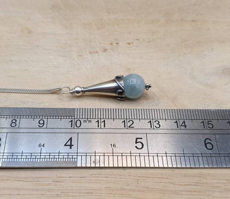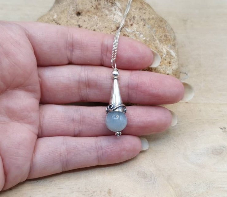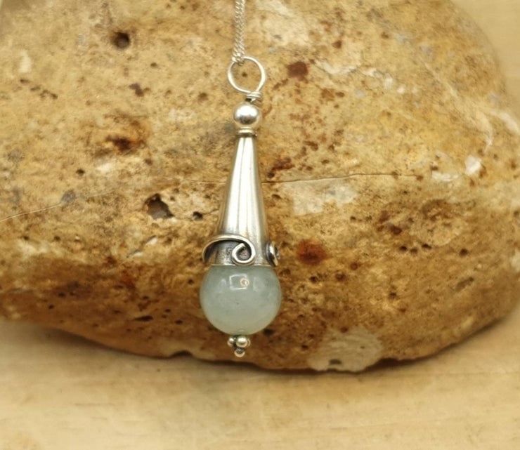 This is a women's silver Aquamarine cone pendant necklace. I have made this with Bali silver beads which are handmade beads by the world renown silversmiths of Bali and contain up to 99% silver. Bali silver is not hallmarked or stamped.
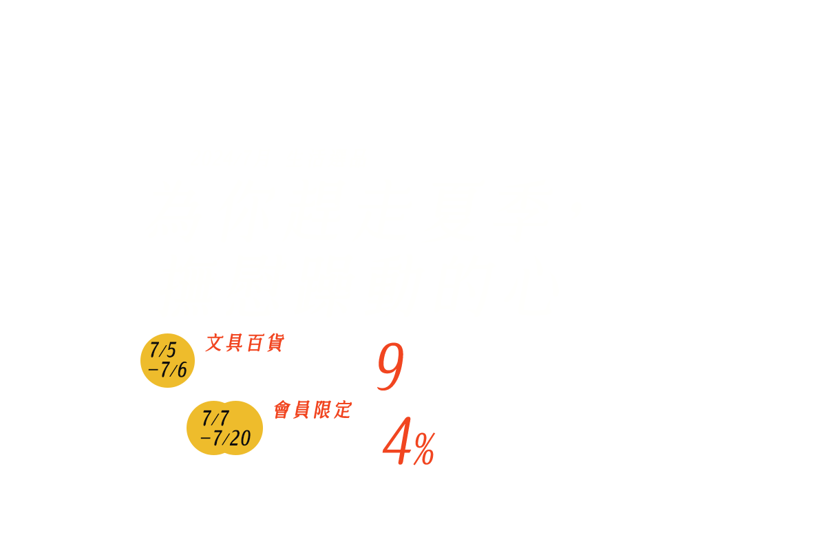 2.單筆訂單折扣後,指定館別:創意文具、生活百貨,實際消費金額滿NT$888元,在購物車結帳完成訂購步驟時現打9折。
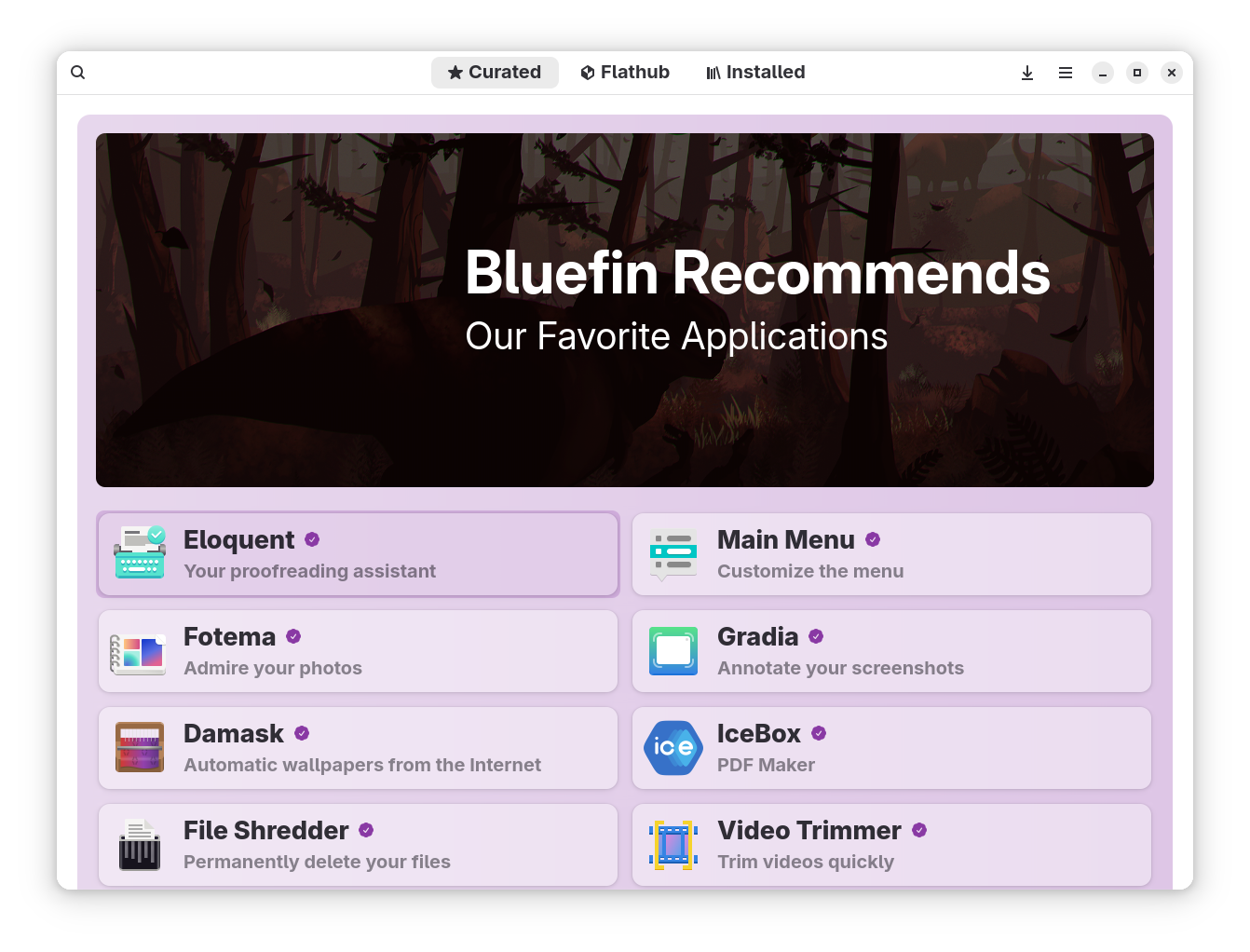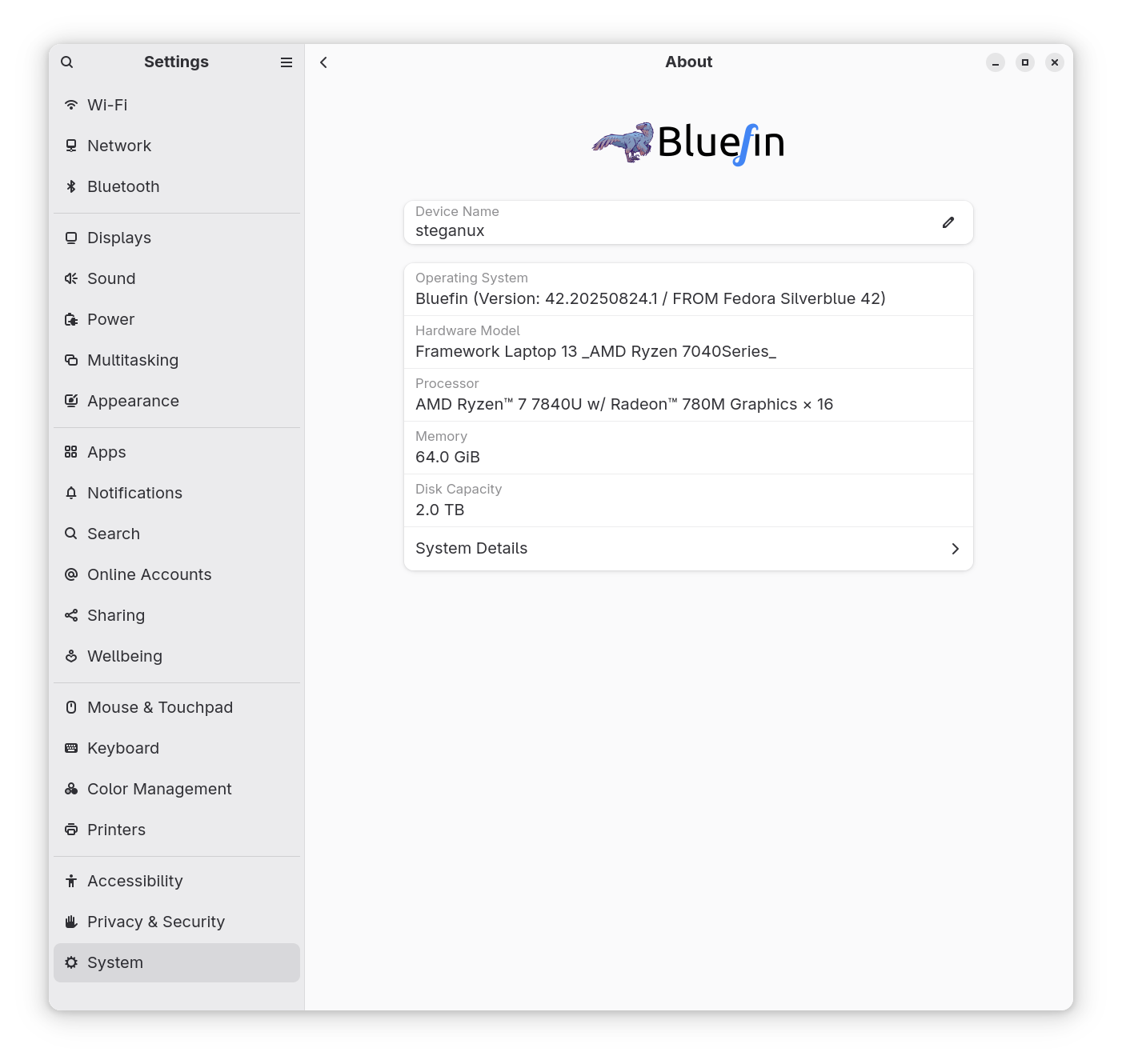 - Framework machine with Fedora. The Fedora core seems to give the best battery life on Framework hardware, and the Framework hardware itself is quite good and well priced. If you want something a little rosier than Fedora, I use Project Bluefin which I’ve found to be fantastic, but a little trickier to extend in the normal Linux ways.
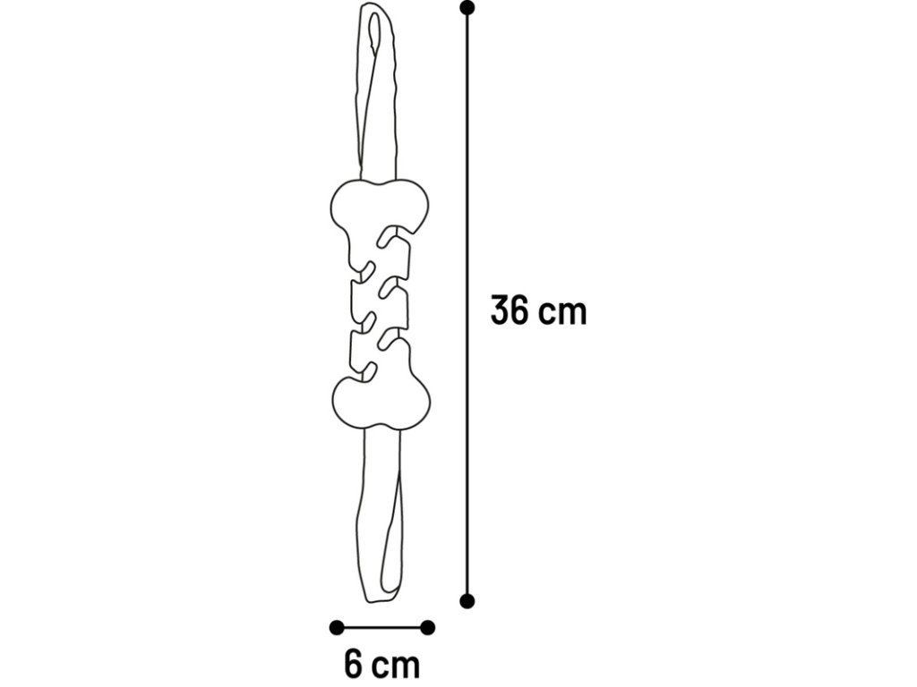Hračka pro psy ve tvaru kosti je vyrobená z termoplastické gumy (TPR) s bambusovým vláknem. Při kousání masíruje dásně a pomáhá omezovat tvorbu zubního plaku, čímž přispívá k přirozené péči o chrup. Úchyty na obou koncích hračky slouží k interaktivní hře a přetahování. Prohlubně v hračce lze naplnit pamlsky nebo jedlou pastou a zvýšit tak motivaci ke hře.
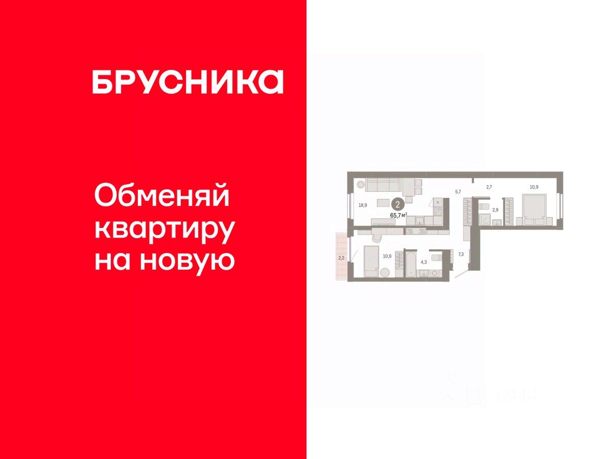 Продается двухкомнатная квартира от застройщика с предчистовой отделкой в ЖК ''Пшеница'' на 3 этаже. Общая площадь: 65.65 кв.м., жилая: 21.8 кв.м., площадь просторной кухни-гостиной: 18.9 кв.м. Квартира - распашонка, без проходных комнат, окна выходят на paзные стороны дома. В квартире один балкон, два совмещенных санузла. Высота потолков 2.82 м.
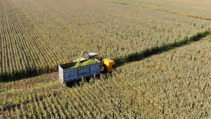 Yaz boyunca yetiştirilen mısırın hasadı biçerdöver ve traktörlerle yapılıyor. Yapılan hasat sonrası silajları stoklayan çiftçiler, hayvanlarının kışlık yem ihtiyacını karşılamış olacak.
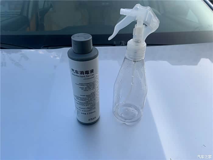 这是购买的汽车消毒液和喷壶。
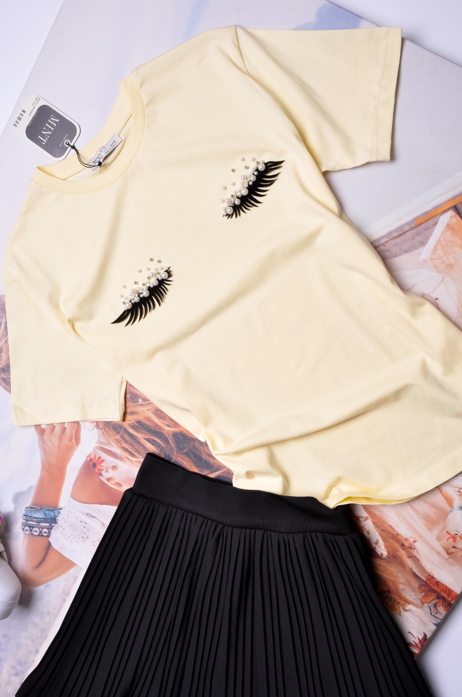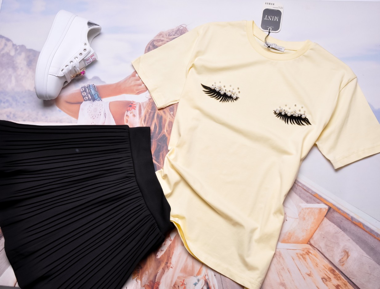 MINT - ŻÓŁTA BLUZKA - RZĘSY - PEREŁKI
▬▬▬▬▬▬
Exercise >> Word for word, repeat only the lines from the line containing "这是购买的汽车消毒液和喷壶。" through the end of the data, without any pictures.

Answer to the exercise >>
 这是购买的汽车消毒液和喷壶。
 MINT - ŻÓŁTA BLUZKA - RZĘSY - PEREŁKI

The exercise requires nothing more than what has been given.